The cars in front of him crawled forward, inching toward the ferry, and he followed, muttering “come on, come on, come on!” the whole way. Did it always take this long? He was sure it didn’t. It couldn’t possibly. Someone would have gone on a rampage by now from the sheer slowness of Jesus Christ can we get on the motherfucking boat?
At last, a dockworker in an orange vest directed him to a spot behind another car—near the front, thank God, so he’d be one of the first to unload—and he could finally park. As soon as the engine was off, he dug around in his glove compartment for that pack of Dramamine he always kept handy. He was prone to seasickness when he tried to read, and he planned to spend this entire ninety-minute voyage doing exactly that.
He washed down the tablets with his coffee, and then picked up his phone and reopened the file.
It was strange how the mind perceived time. Boarding the ferry had probably taken fifteen minutes at most, and yet it had felt like he’d done a stint in stop-and-go purgatory. The ferry ride from Victoria to Port Angeles was an hour and a half, but Hunter swore he had just pulled up The World Tree again when that damned announcement came over the loudspeaker.
“Arriving in Port Angeles. Please return to your vehicles.”

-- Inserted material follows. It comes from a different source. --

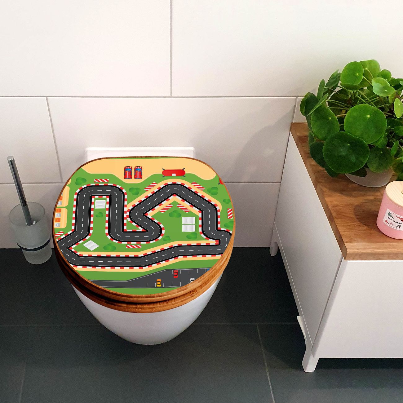Design WC-Sitz Bambus Holz Motiv Spielstraße 1

More like return to reality after an all-too-short visit to Lone Wolf’s vision of Hunter’s fictional world. Grumbling, he put the phone in the cup holder again. As he waited for the boat to dock and the workers to direct him off the ramp, his mind kept wandering back to the story. He was maybe eight chapters in, and already white-knuckling the wheel because he needed to know what happened next.

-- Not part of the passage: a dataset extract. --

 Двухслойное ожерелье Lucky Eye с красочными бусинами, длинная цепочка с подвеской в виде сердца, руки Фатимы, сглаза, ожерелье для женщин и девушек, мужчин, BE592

Lone Wolf didn’t just love the characters of Wolf’s Landing. He understood them. He was perfectly comfortable in the driver’s seat of Detective Gabriel Hanford’s brain, and damn if he didn’t have a flawless handle on Max Fuhrman’s tics and general weirdness. None of the other fanfic writers could get Max quite right. Even Hunter himself struggled with that dude sometimes.
Someone tapped on the hood of his car. Hunter shook his head and looked up. Behind him, someone blared their horn, and the dockworker who’d tapped the hood gestured impatiently for him to move.
Christ, Lone Wolf. You’ve got me so wrapped up in my own damned characters, I turned into That Guy on the fucking ferry.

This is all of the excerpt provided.